Industry Canada Minister Tony Clement to review CRTC decision on Globalive
Published Friday October 30th, 2009


MONTREAL - Industry Minister Tony Clement says he will review a CRTC decision that prevents new national cellphone company Globalive from launching its service.
"Let me just say we believe in competition in the telecom industry," Clement said Friday.
"So that remains our policy, and as to the specifics of that CRTC decision, obviously we're going to be reviewing it and we'll come to some conclusions in due course."
The CRTC ruled Thursday that Globalive wasn't Canadian-owned and controlled, putting its planned launch in the coming weeks in doubt.
Globalive, which plans to operate under the WIND Mobile banner, wants to be Canada's fourth major wireless carrier and compete with Rogers, (TSX:RCI.B), Bell (TSX:BCE) and Telus (TSX:T).
DAVE Wireless and Public Mobile are expected to launch their services in the coming months, while Quebec-based Videotron (TSX:QBR.B) is expected to get into the cellphone business in that province and in parts of Eastern Ontario next year.
Egyptian telecom company Orascom owns 65 per cent of Globalive and much of its debt, a structure accepted by Industry Canada when its licence was granted last March.
Globalive chairman Anthony Lacavera said Friday that he will review what Clement has said.
"I don't know how far he can go with that," Lacavera said from Toronto. "Obviously, we're still going to be very vocal about how unhappy we are."
WIND Mobile's launch is still "up in the air" but Lacavera said he's not giving up.
"Not only do I have hope, I am more committed than I have ever been to making this wireless competitor a reality," he said. "We must be permitted to go forward by the government. We've made a massive investment."
Globalive paid $442 million in 2008 for airwaves over which to operate in an Industry Canada auction and has invested millions more in its network and hiring more staff.

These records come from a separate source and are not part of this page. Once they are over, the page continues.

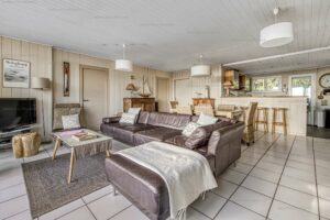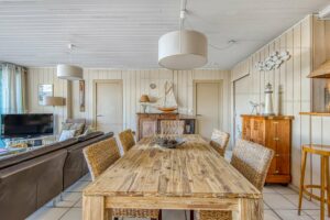 Vous disposez d’un salon/salle-à-manger ouvert sur une cuisine équipée, une première chambre avec salle d’eau et WC attenants, trois autres chambres doubles, une salle d’eau, des WC séparés et une buanderie.
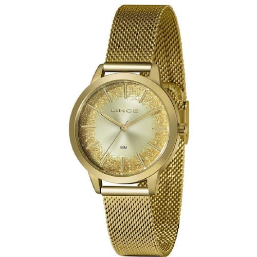 Marca: Lince Gênero: Feminino Visor: Champanhe e Preto Linha: Urban Vidro: Cristal Mineral Funções: Pressão: 50M Características: com caixa Dourada e pulseira em Aço tipo Mesh Diâmetro da Caixa: 36mm
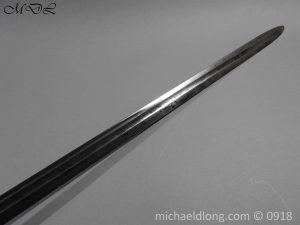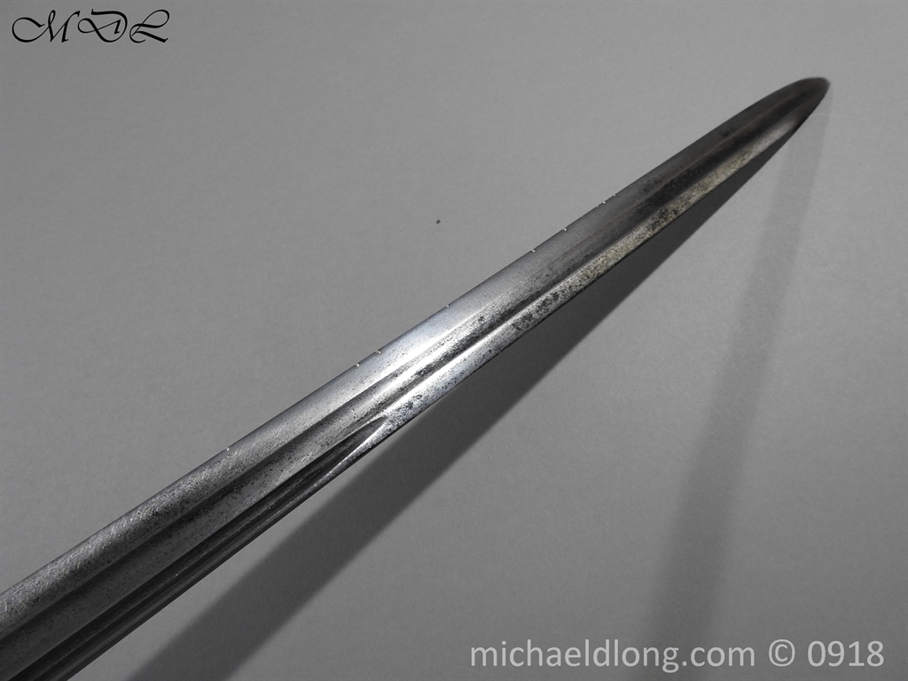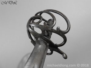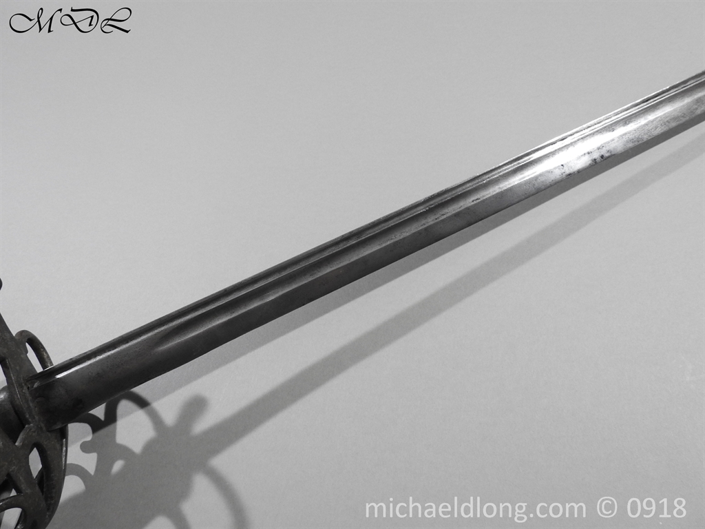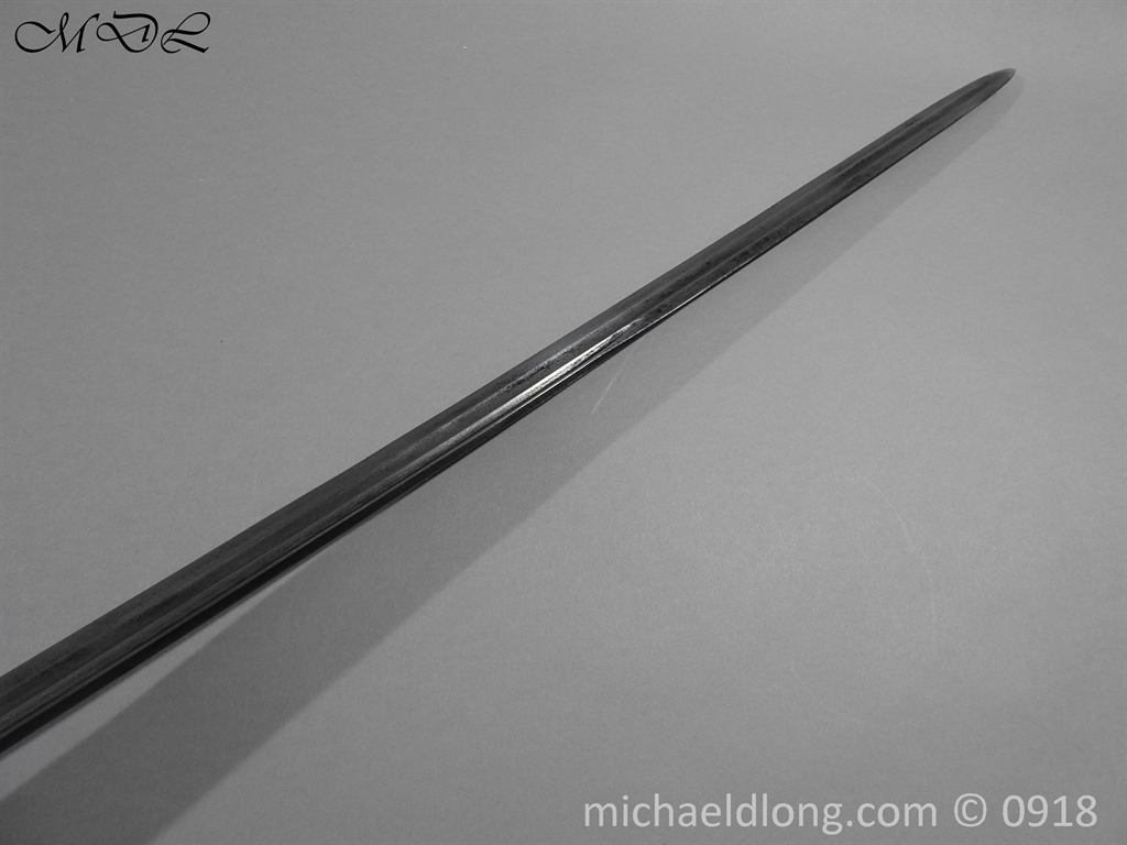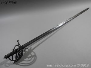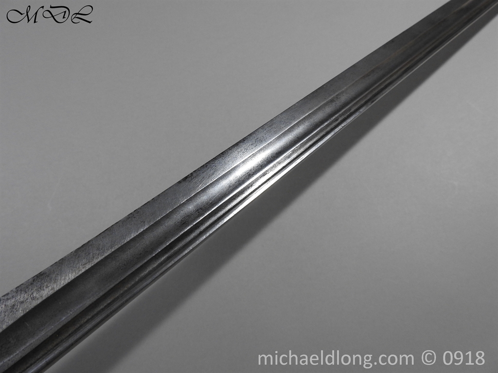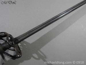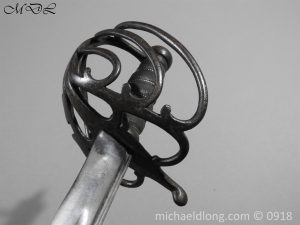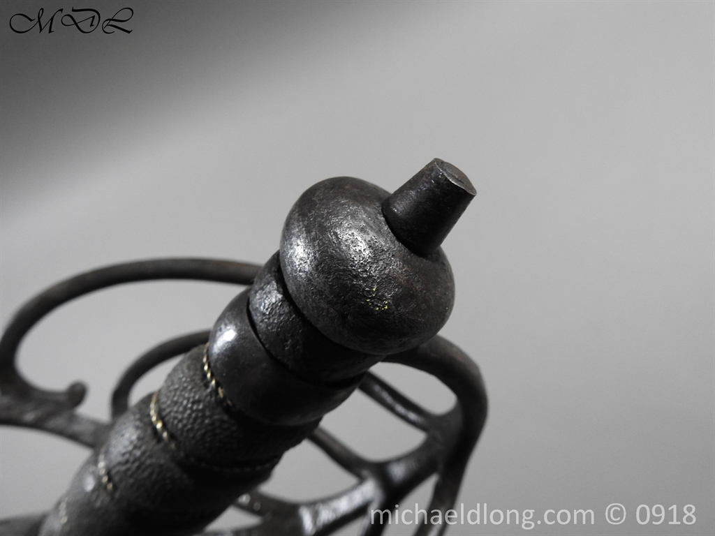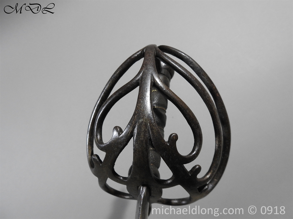 Horse Grenadier Guards Troopers Sword c 1780 the guard is wrought iron bars which form a basket design, round pommel with extended tang button. The grip is fish skin bound with twisted brass wire, straight blade with small top fuller and a further larger one running to the tip. The blade single edged becoming double toward the spear point with makers mark near the hilt M or W within a circle overall length 112 cm blade 94 cm. Please Swords of the British Army by Brian Robson revised edition page 109 for reference.
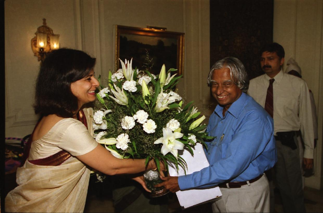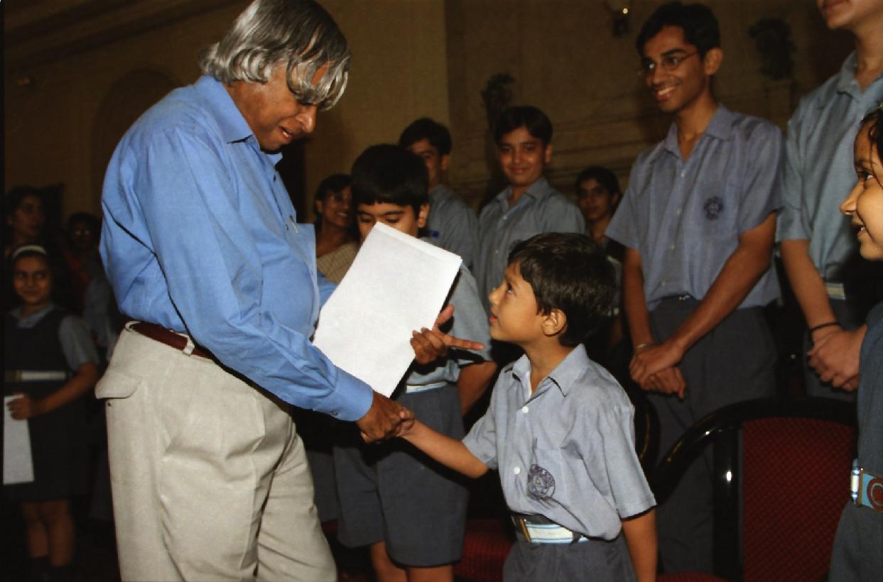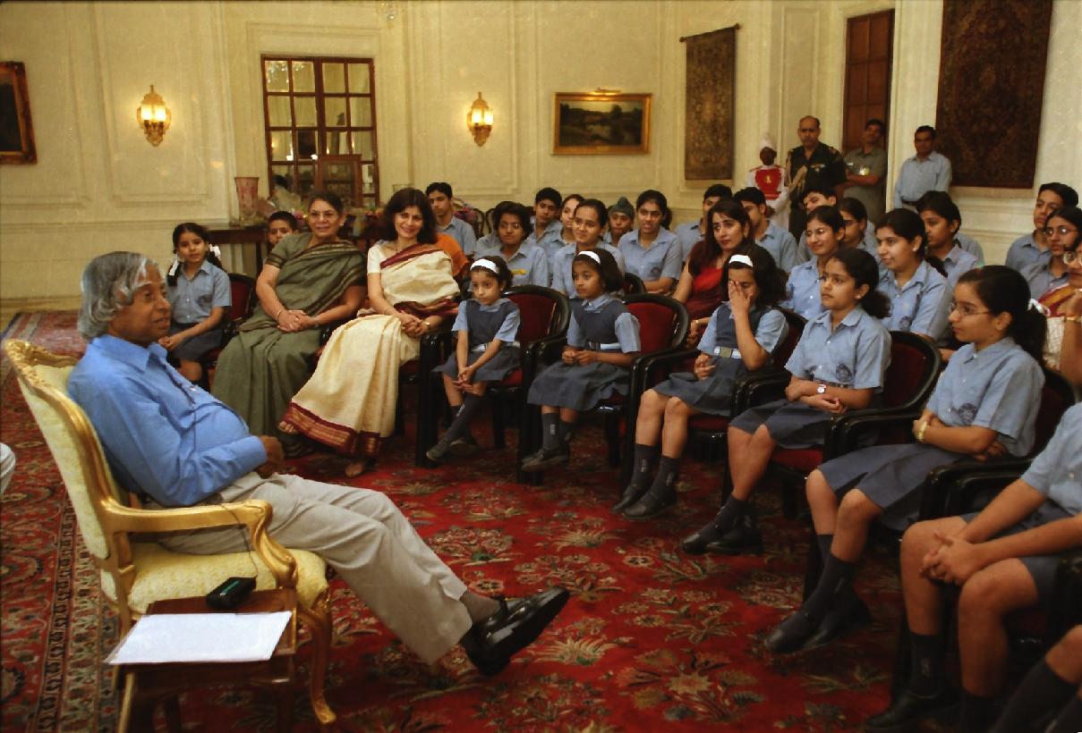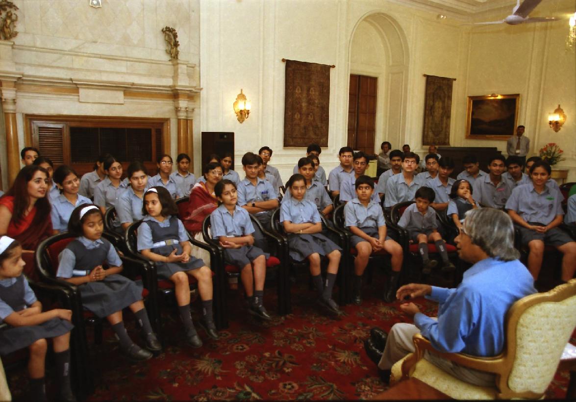 | Caption: | The President of India, Dr A P J Abdul Kalam meeting with the Students and Staff from New Era Public School, Mayapuri Road at the Yellow Drawing Room of Rashtrapati Bhavan in New Delhi on Oct 09, 2002 |
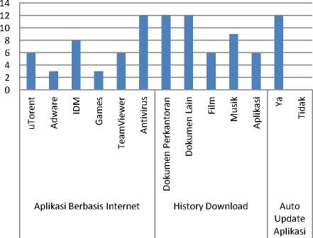 Pada Gambar 2, terlihat data trafik yang meliputi uptime, downtime, total usage, dan trafik berdasarkan application port seperti port http, https, ftp, imap, ssh, dll. Data tersebut dikelompokkan berdasarkan IP Address. PC dengan IP Address tersebut diamati secara langsung untuk mengetahui user behavior. Jumlah PC dan user yang dijadikan sampel sebanyak 12 user yang didasarkan pada volume penggunaan internet terbesar berdasarkan IP address. Pengamatan pada PC dan user dilakukan untuk mengetahui aktivitas user terhadap penggunaan internet di instansi Dinas Perijinan. Aktivitas yang dimaksud seperti pengecekan history download, aplikasi berbasis internet yang digunakan, dan pemahaman user utamanya terhadap malware atau pop up advertising. Malware dengan jenis pop up advertising ini dinamakan adware. Malware dengan jenis ini banyak ditemui menyerang browser di Indonesia [13]. Hal ini disebabkan karena user mengijinkan
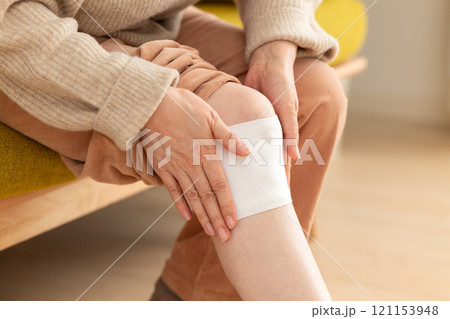 膝に湿布を貼る男性 膝痛 捻挫 関節痛 ボディパーツ
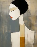 Vrouwelijk profiel, gedistilleerd tot zijn eenvoudigste vorm. Minimalistische abstractie met een sobere kleurenpalet en strakke, sierlijke vormen. Verweerde grijstinten in combinatie met zachte aardetinten en subtiele contrasten tussen de kleurvlakken voegen diepte toe. In een treffende combinatie van modern minimalisme en de tijdloze…
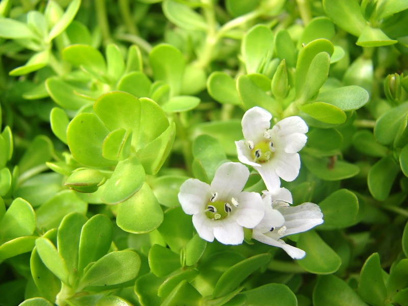Bacopa is a genus of 70 – 100 aquatic plants belonging to the family Plantaginaceae. It is commonly known as Waterhyssop (or Water Hyssop, though this is more misleading as Bacopa is not very closely related to hyssop but simply has a somewhat similar appearance).
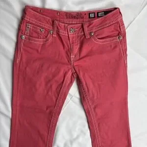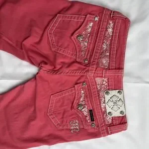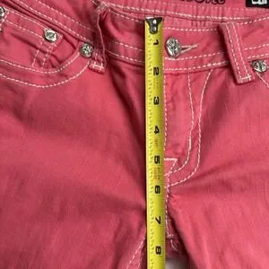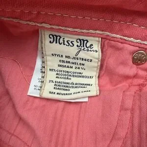 The product is a pair of Miss Me Jeans in women's size 27, featuring a stylish copped length with flap pockets and rhinestone accents. Made of denim with a comfortable stretch, these jeans have a low rise and a 5-pocket design. The color is a melon hue, with a medium wash and zip and button closure. The brand, Miss Me, is known for its American theme and quality craftsmanship, making these jeans a luxurious and trendy addition to any wardrobe.
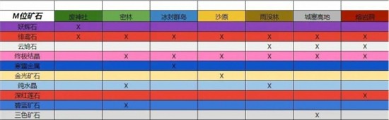 金光矿石:废神社、密林、冰封群岛、雨没林、城塞高地、熔岩洞
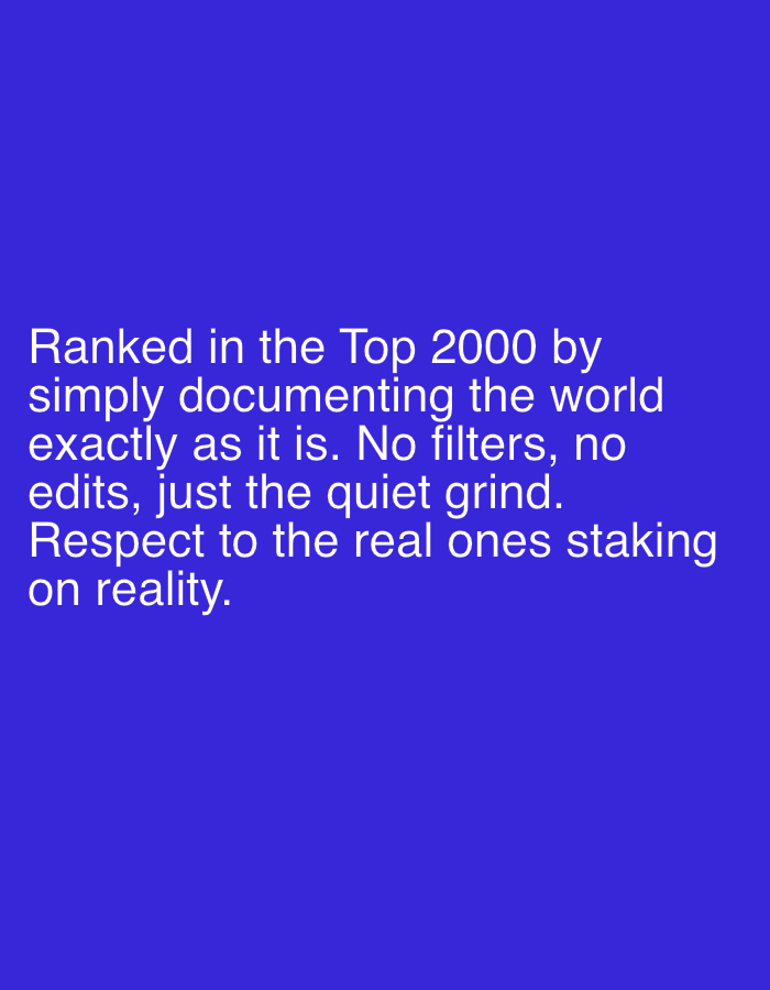 The image displays white text on a solid, vibrant blue background. The text reads: "Ranked in the Top 2000 by simply documenting the world exactly as it is. No filters, no edits, just the quiet grind. Respect to the real ones staking on reality." There are no discernible people, subjects, objects, actions, interactions, or environmental features present in the image, making it impossible to identify a specific location, including any part of the city of Burgas, Bulgaria.
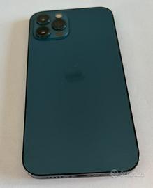 Iphone 12 pro colore blu 256 Gb con vetro e scocca integri, protetto da pellicola e cover, audio parzialmente funzionante, batteria sotto 80%.
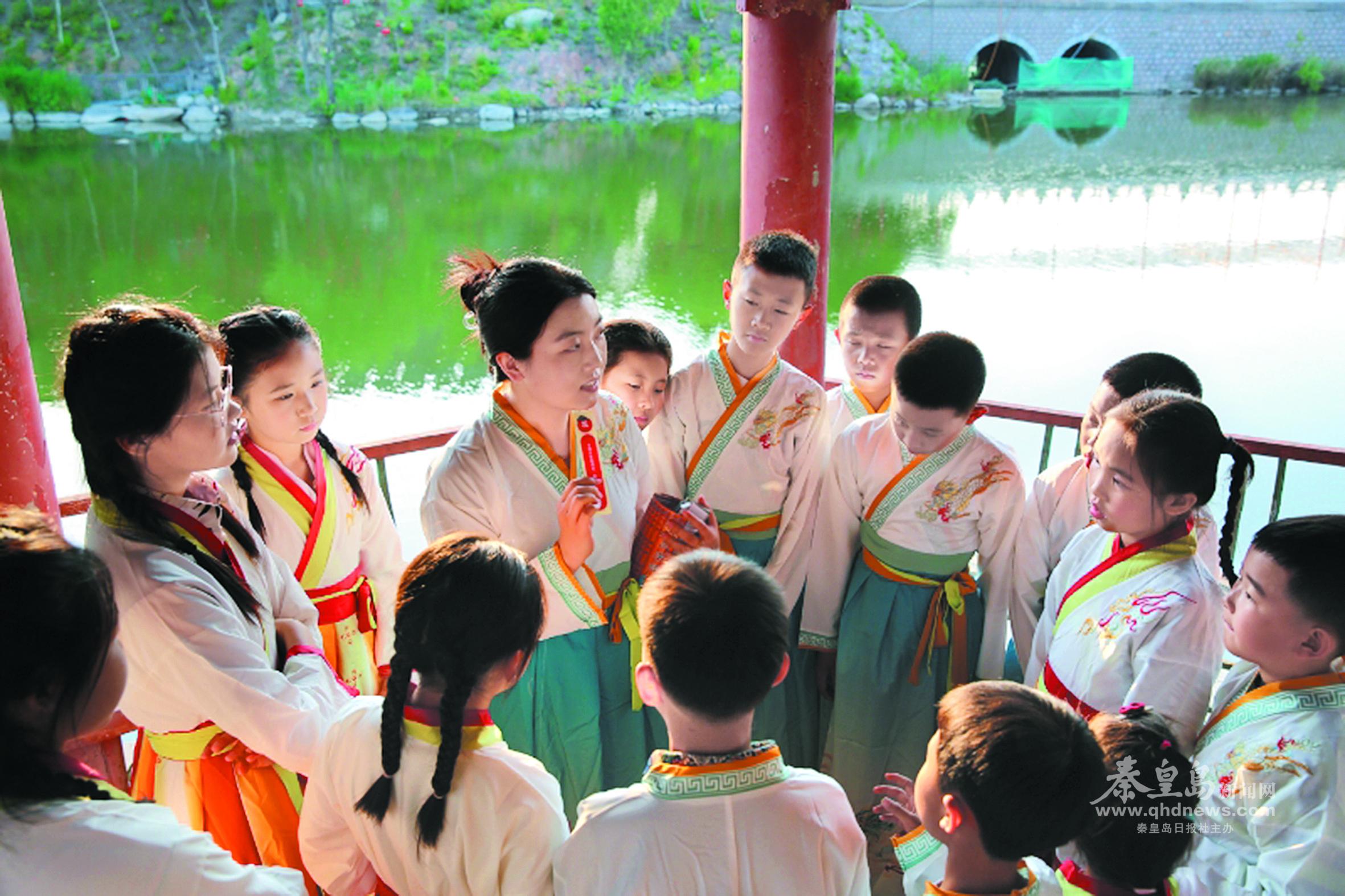 山海關“夢幻詩游”研學活動中,孩子們身著漢服與老師互動。(資料片)
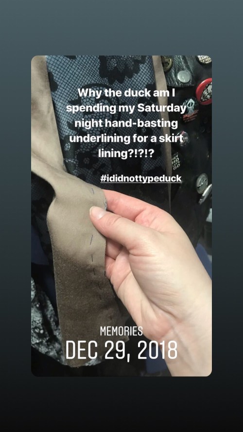 Then I made the Red Lace Coat, two years ago. Now this is also a long coat, but as I wore it last winter, I realized that while the thinsuate interlining and denser (if polyester) coating fabric make it significantly warmer than my grey coat, the slightly shorter and full-circle skirt made it significantly less warm around the legs. A tricky conundrum—potentially solved by a long, custom walking skirt.

Lacavera said Globalive is having encouraging discussions with other potential lenders and equity investors, but the subject of CRTC approval always comes up.
It's a "regulatory overhang" that inhibits discussions, he said.
RBC Capital Markets analyst Jonathan Allen said Friday the CRTC is "effectively neutering the biggest and most disruptive" of the new wireless entrants.
Rogers, Bell and Telus are likely to see a "big rally in celebration," Allen wrote in a research note.
The telecom sector saw gains on Friday with shares in Canada's three big telecoms - Rogers, Bell and Telus - all closed ahead on the Toronto Stock Exchange after the CRTC ruling on Globalive.
The CRTC said that Globalive currently doesn't meet the Canadian ownership and control requirements to operate as a telecommunications carrier.
Orascom also holds much of Globalive's debt financing, more than $500 million, a big sticking point for the CRTC.
"The commission finds that Globalive is controlled in fact by Orascom, a non-Canadian," the CRTC said in its written decision.
"Given Orascom's equity interest in Globalive, such a high level of debt in the hands of a non-Canadian is unacceptable."
Telecom analyst Mark Goldberg said Globalive has some options and would be able to satisfy the federal broadcast regulator with changes to its board of directors, veto rights and another debt holder.
"The capital markets today are very different from the capital markets even three months ago," said Goldberg of Mark H. Goldberg and Associates.
"Globalive needs to "simply follow the recipe" the CRTC set out for it, Goldberg said.
Analyst Duncan Stewart said investors would be willing to give Globalive money, but at what price.
"The problem is what they would demand for it essentially makes Globalive a non-starter," said Stewart, director of research and analysis at DSam Consulting.